PATIENT CARE CONSIDERATIONS
Administration/Storage
- Ensure that patent airway has been established before administration.
- Do not give in conjunction with mechanical ventilation.
- Have readily available oxygen, IV barbiturates (eg, Valium) and resuscitative equipment.
- Allow 10 min after administration of anesthetic before starting infusion.
- Rotate injection sites to avoid skin irritation.
- For intermittent infusion, dilute 250 mg in 250 ml of D5W, D10W or 0.9% normal saline for concentration of 1 mg/ml. Dilute 400 mg in 180 ml of IV fluid for 2 mg/ml concentration.
- Store at room temperature.
Assessment/Interventions
- Obtain patient history, including drug history and any known allergies. Note any history of seizure disorder.
- Assess BP, pulse, deep tendon reflexes, neurologic status, ECG and ABGs before infusion and q 30 min during infusion.

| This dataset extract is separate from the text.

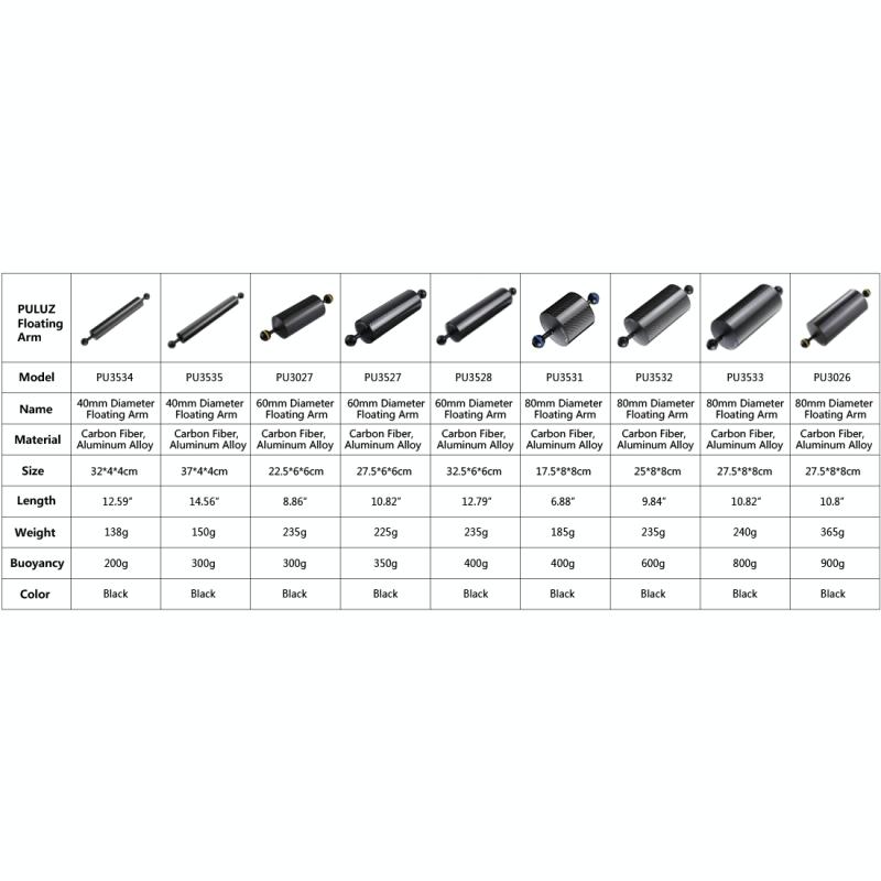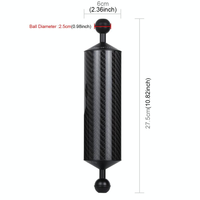 PULUZ 10.82 inch 27.5cm Length 60mm Diameter Dual Balls Carbon Fiber Floating Arm, Ball Diameter: 25mm, Buoyancy: 350g (PULUZ)

- Institute seizure precautions before administering drug.
- Assess for poststimulation respiratory depression for ³ 30 min to 1 hr after patient becomes alert.
- Monitor respiratory status. Position patient on side in slightly elevated position to prevent aspiration.
- Monitor BP and deep tendon reflexes to prevent overdosage.
- Monitor patient's CBC since rapid infusion can cause hemolysis.
- If ABGs deteriorate, notify physician immediately. Drug may need to be discontinued and mechanical ventilation started.
- Check infusion site regularly for extravasation, skin irritation and signs of thrombophlebitis.
OVERDOSAGE: SIGNS & SYMPTOMS
Severe hypertension, tachycardia, hyperactive reflexes or seizures
Patient/Family Education
- Instruct patient/family to notify physician immediately if shortness of breath worsens.